To do =>
Omit the pictures, but give back every entry below exactly as written.

-------------------------

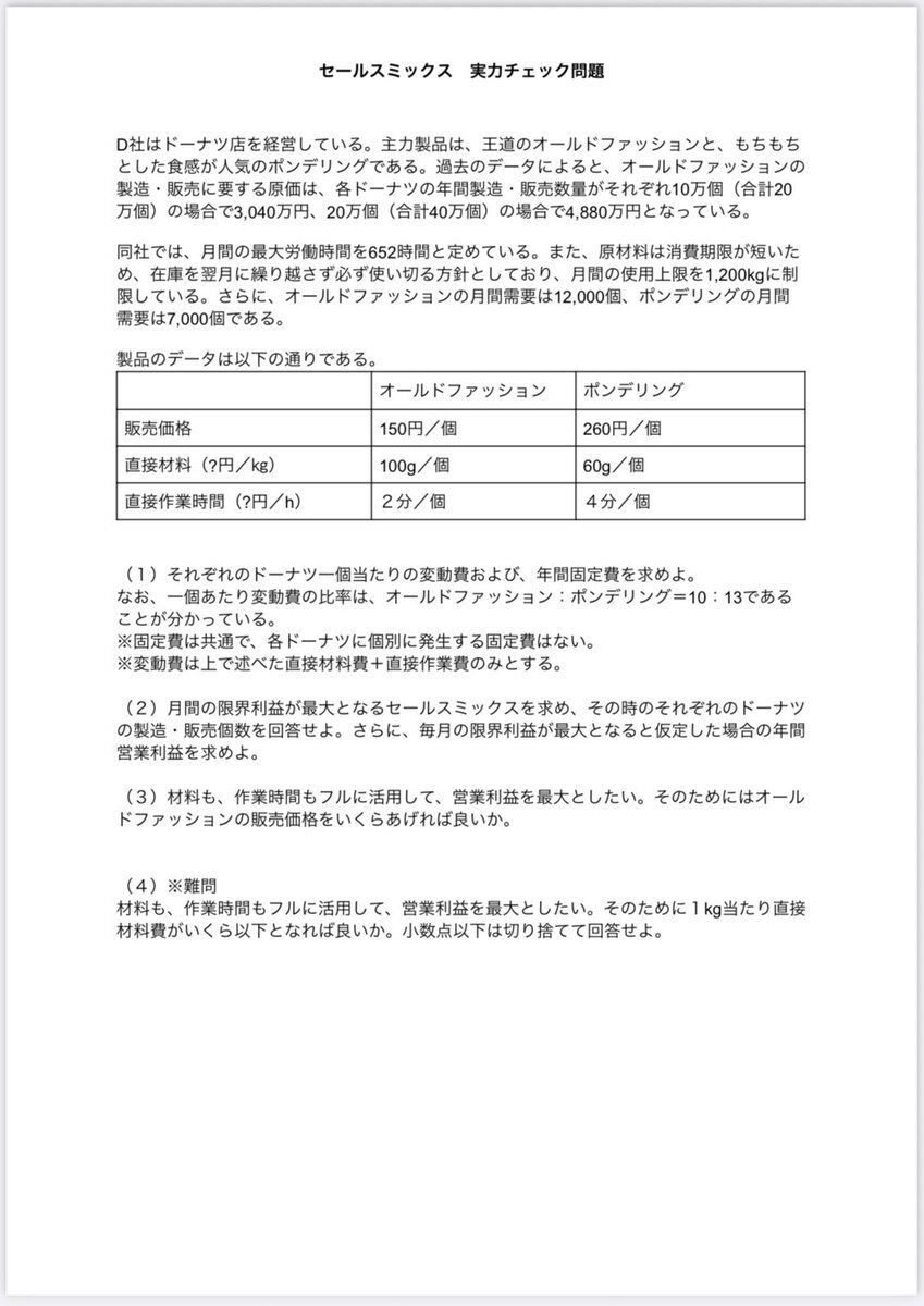 【挑戦者求む】 事例4のセールスミックス問題を作成しました 🕐目標時間 (3)までなら25分 (4)までなら40分 ※設問4は難問です。 本番前の力試しにどうぞ😉 #中小企業診断士二次試験 pic.x.com/RrCeU20OBj
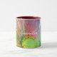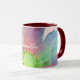Feminine stylish pretty girly unique personalized ceramic combo mug with a name in trendy calligraphy handwritten script. Soft pastel pink background and a big bold colorful floral botanical motif. My original watercolor hand painted wildflower in colorful vivid vibrant nuances of red, burgundy, orange, yellow, lime green, pastel blue. Beautiful premium look drink ware for you or as a thoughtful custom gift under 20 dollars for her. Any plant nature garden enthusiast would be happy to have it on her kitchen and dining essentials collection or to use it at her work place office, or home office. Very versatile, suitable as birthday, Mother’s Day, Christmas, graduation even retirement present. Or just because, as a aesthetic friendship gift for a artsy friend.
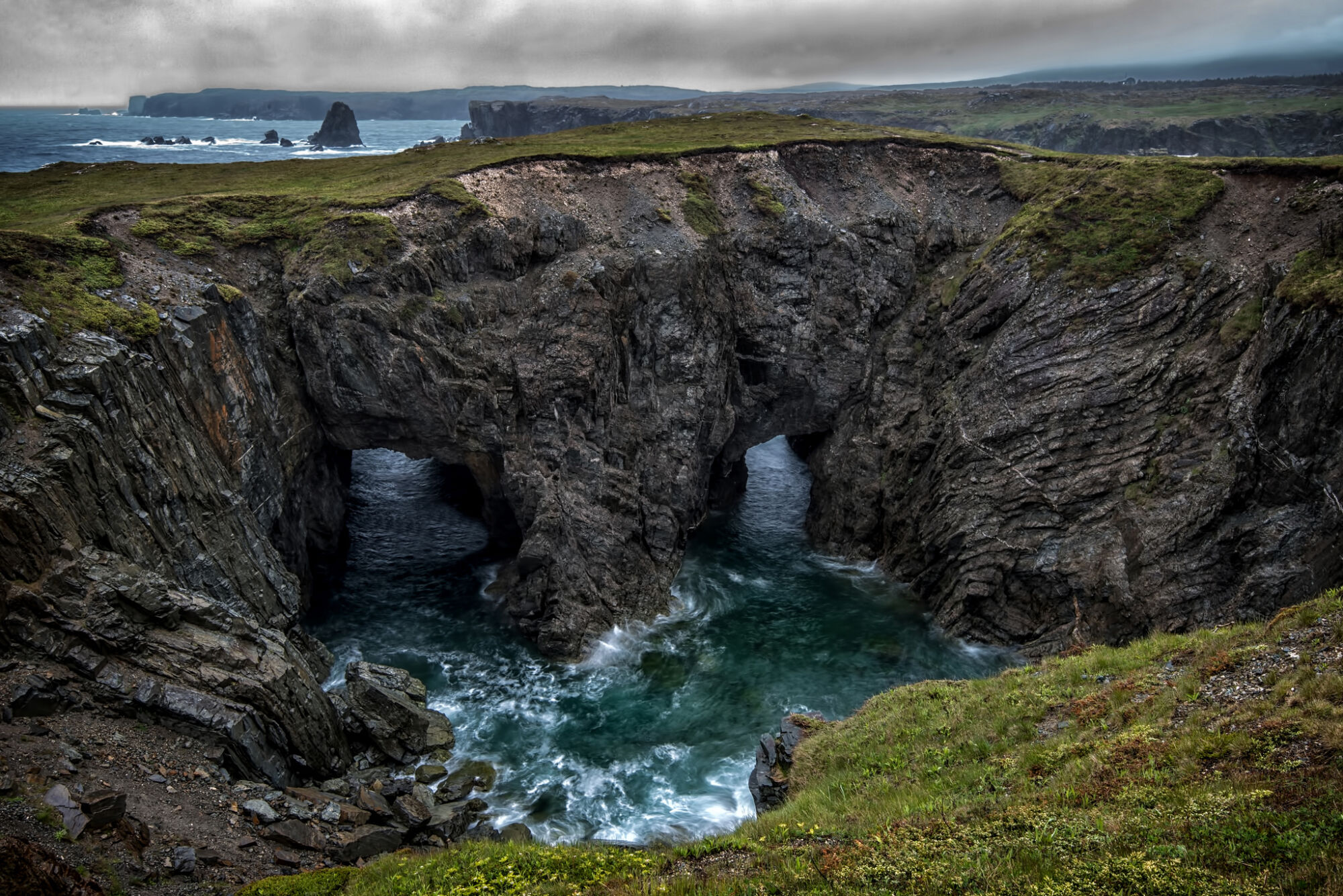 One of Newfoundland’s smallest provincial parks, the highlight is an oceanside sinkhole penetrated by waves that pass through two openings in a gigantic archway. A frequent stop for tour busses, but otherwise you generally have the place to yourself.
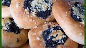 Krok 2: Poté těsto rozdělíme na 30 dílů. Z každého vytvarujeme placičku a pokládáme na plech s teflonovou fólií nebo papírem na pečení. Pak placičky potřeme rozpuštěným máslem, dáme libovolnou nádivku (mák, povidla, tvaroh) a posypeme drobenkou.
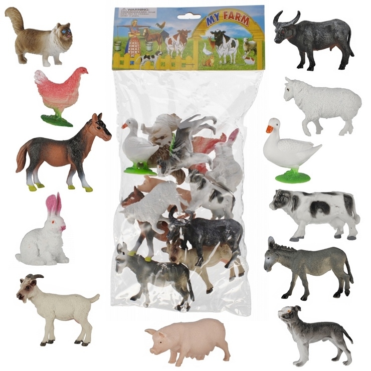 Dítě si může vytvořit vlastní farmu se všemi zvířátky a seznámit se s nimi. Série figurek obsahuje exempláře zvířat chovaných na farmách po celém světě. Balení obsahuje býka, kráva, koza, králík, pes, osel, prase, ovce, kočka, kůň, slepice, kachna. Rozměry balení jsou 22x37x5cm. Zvířata určená pro děti ve věku 3+.

-------------------------

Result of the task =>
 【挑戦者求む】 事例4のセールスミックス問題を作成しました 🕐目標時間 (3)までなら25分 (4)までなら40分 ※設問4は難問です。 本番前の力試しにどうぞ😉 #中小企業診断士二次試験 pic.x.com/RrCeU20OBj
Feminine stylish pretty girly unique personalized ceramic combo mug with a name in trendy calligraphy handwritten script. Soft pastel pink background and a big bold colorful floral botanical motif. My original watercolor hand painted wildflower in colorful vivid vibrant nuances of red, burgundy, orange, yellow, lime green, pastel blue. Beautiful premium look drink ware for you or as a thoughtful custom gift under 20 dollars for her. Any plant nature garden enthusiast would be happy to have it on her kitchen and dining essentials collection or to use it at her work place office, or home office. Very versatile, suitable as birthday, Mother’s Day, Christmas, graduation even retirement present. Or just because, as a aesthetic friendship gift for a artsy friend.
 One of Newfoundland’s smallest provincial parks, the highlight is an oceanside sinkhole penetrated by waves that pass through two openings in a gigantic archway. A frequent stop for tour busses, but otherwise you generally have the place to yourself.
 Krok 2: Poté těsto rozdělíme na 30 dílů. Z každého vytvarujeme placičku a pokládáme na plech s teflonovou fólií nebo papírem na pečení. Pak placičky potřeme rozpuštěným máslem, dáme libovolnou nádivku (mák, povidla, tvaroh) a posypeme drobenkou.
 Dítě si může vytvořit vlastní farmu se všemi zvířátky a seznámit se s nimi. Série figurek obsahuje exempláře zvířat chovaných na farmách po celém světě. Balení obsahuje býka, kráva, koza, králík, pes, osel, prase, ovce, kočka, kůň, slepice, kachna. Rozměry balení jsou 22x37x5cm. Zvířata určená pro děti ve věku 3+.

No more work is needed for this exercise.